Some churches use wafers at Communion, others bread. My proposal is toast – from the quirky autobiography of that title by the British chef Nigel Slater, which begins: “It is impossible not to love someone who makes toast for you.” At the Sunday morning service, and with biblical warrant from John 21:1-14, the church would invite people to the Lord’s Breakfast. And because, following Slater, it would be a converting as well as a nurturing ordinance, the table would be completely open – though Marmite would be a mandatory penitential spread for egregious sinners.
“Bishops”: mutton dressed up as the Lamb.
I see that there was a Blah Labour Seminar Event at the University of Nottingham in early July.

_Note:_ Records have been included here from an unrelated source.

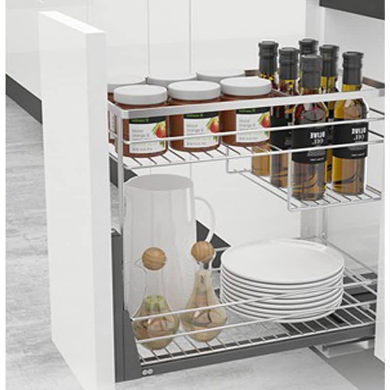 - Trọn bộ gồm: Bộ ray giảm chấn lắp đáy, 2 bas mặt trước, 2 bas giữ ray, khung rổ, 2 bas nhựa kết nối khung và rổ, 18 ốc lắp đặt.
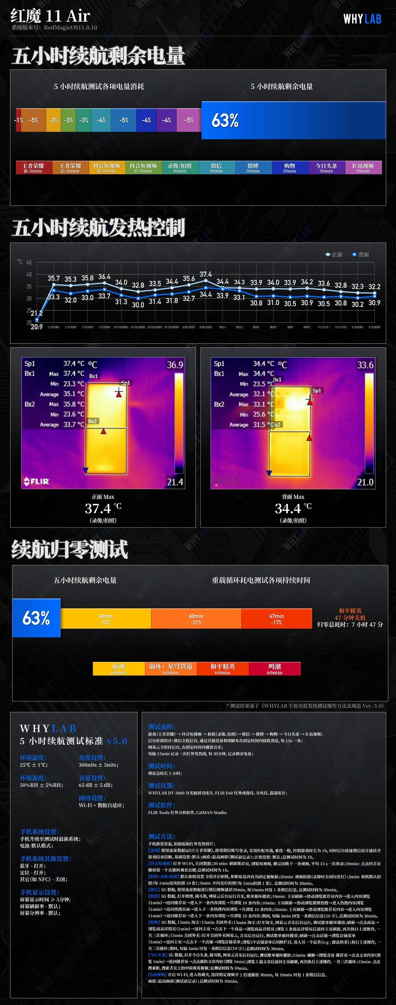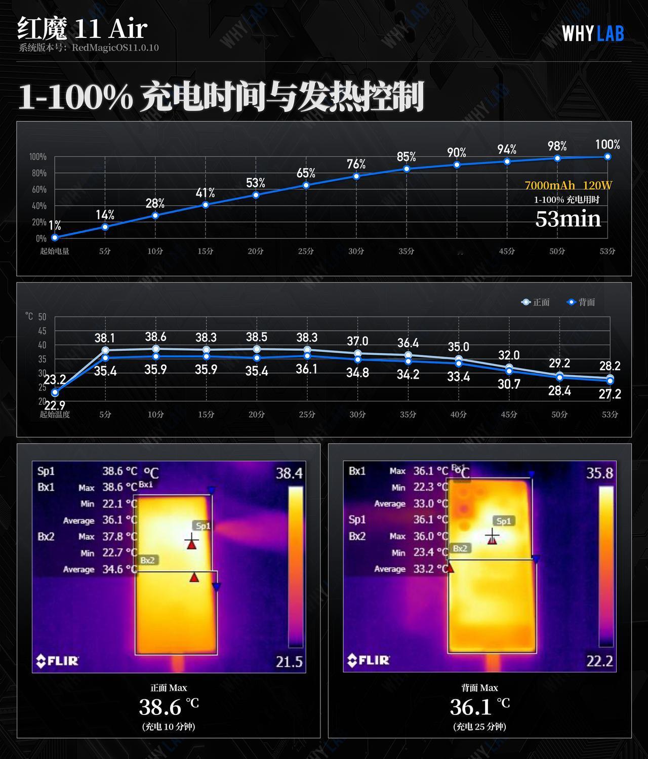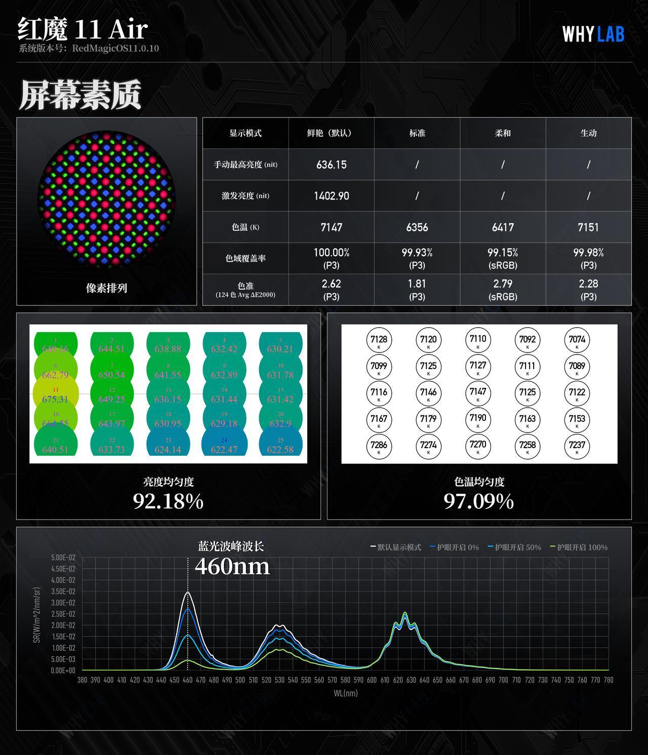 新增红魔 11 Air 测试数据,红魔 11 Air 的相机数据以及更多新机的测试数据可以访问小程序「WHYLAB」,进行查看。 ➢ 🎮 游戏:作为全球首款内置风扇的 Air 机型,红魔 11 Air 的硬件选型自然也不虚,上一代旗舰芯片骁龙 8 至尊版 + 9600Mbps LPDDR5X 内存 + UFS 4.1 闪存,当友商类似配置都在 2500 价位徘徊时,红魔何以定价 2999 元? 首先就是性能上的调校,非常出色,说是性能表现最出色的骁龙 8 Elite 也不为过。轻负载的《王者荣耀》中,得益于升级了一块 144Hz 屏幕,红魔 Air 系列也成功解锁了王者 144fps 模式,15 分钟一局对战,帧率全程是一条直线,平均帧率 145.08fps,功耗发热极低,仅有 3362.17mW 和背面 36.4℃; 《原神》纳塔 869P 30 分钟,帧率依旧拉满,平均 60.96fps,平均功耗 4335.48mW,背面也只是微微发热的 41.6℃; 高负载的《绝区零》842P 30 分钟,不删除转场掉帧,平均帧率 60.33fps,严重抖动 19 次,平均功耗 4.5W,背面最高 41.3℃,表现好的不像骁龙 8 至尊版,游戏调校确实有种红色魔力; 继续上压力,测试《崩坏·星穹铁道》黄金的时刻 2160×977 渲染分辨率,平均帧率也做到了满帧,平均 60.48fps,功耗控制优秀 6627.01mW,背面温度最高处在出风口附近,为 48.6℃。 小小总结下,如果你想买台轻薄的游戏专用机,选红魔 11 Air 准没错,可以应付绝大多数高负载场景,甚至有和骁龙 8 Elite Gen 5 机型一战之力; ➢ 📱 屏幕:采用了一块 6.85 英寸 2688×1216 的京东方 Q10 OLED 真全面屏,看选型,应该是和努比亚 Z70 Ultra 是同一块屏幕,实测手动最高亮度达到 636.15nit,全局激发亮度 1402.9nit,亮度均匀度差点意思,只有 92.18%,手机右上角偏暗。默认鲜艳模式下,屏幕的色温为 7147K,偏冷;在色准方面,鲜艳模式下 P3 124 色平均 DeltaE 为 2.62、如果追求显色精准,建议选择标准模式,P3 124 色平均 DeltaE 为 1.81,希望能在迭代机型里看到红魔能调优; ➢ 🔋 续航:相比上代电池增加 1000mAh,配备一块 7000mAh 牛魔王电池,在模拟一般用户日常一天使用的五小时续航中,剩余 63% 电量,成绩和 iQOO 15、荣耀 Magic8 Pro 相当;继续用剩余电量循环大型游戏到关机,续航归零成绩为 7 小时 47 分,介于努比亚 Z80 Ultra 和 iQOO 15 之间,与常规形态直板机有差距,但确实续航表现最好的 Air 机型之一了; ➢ ⚡️ 充电:搭配 120W 快充,从 1% 开始,10 分钟即可充电 28%,完全充满用时 53 分钟,充电期间,背面最高温度 36.1℃,我们认为红魔充电时温度策略太过保守,可以稍微放开一些温控,缩短充电时间。 以上就是红魔 11 Air 的实验室测试数据,2999 元的价格随比友商同配置机型定价稍贵,但提供的游戏和性能体验是领先的,如果对游戏和手机的便携有比较极致的追求,那么红魔 11 Air 会是不错的选择。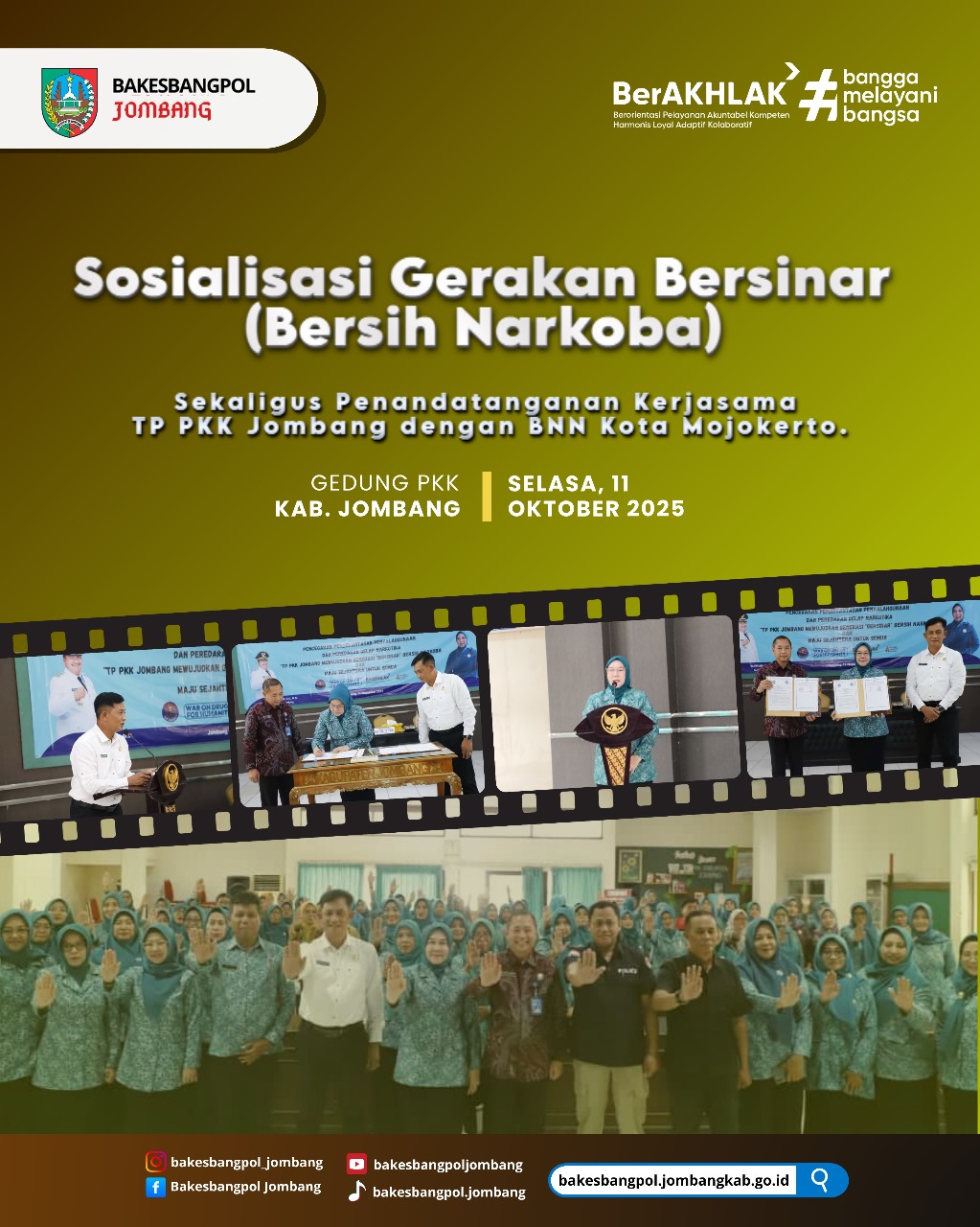 Pencegahan Pemberantasan Penyalahgunaan dan Peredaran Gelap Narkotika “TP PKK Jombang Mewujudkan Generasi "BERSINAR" Bersih Narkoba dan Maju Sejahtera Untuk Semua”

Former director of Fermilab and Nobel laureate Leon Lederman, who coined the term “God particle”, originally wanted to call it “that goddamn particle”, but his publisher wouldn’t let him. Lederman should have gone to Business Plus – it published Robert Sutton’s The No Asshole Rule (2007). Then – who knows? – with an editorial flash of brilliance, we might now be referring to the “Asshole particle” (not to be confused with a Black Hole) – and no longer thinking of physicists as a bunch of remote geeks.
I support Obama because he smoked pot. I thought of switching to Romney when I read that he was a member of the LSD Church. Then I realised it was a misprint.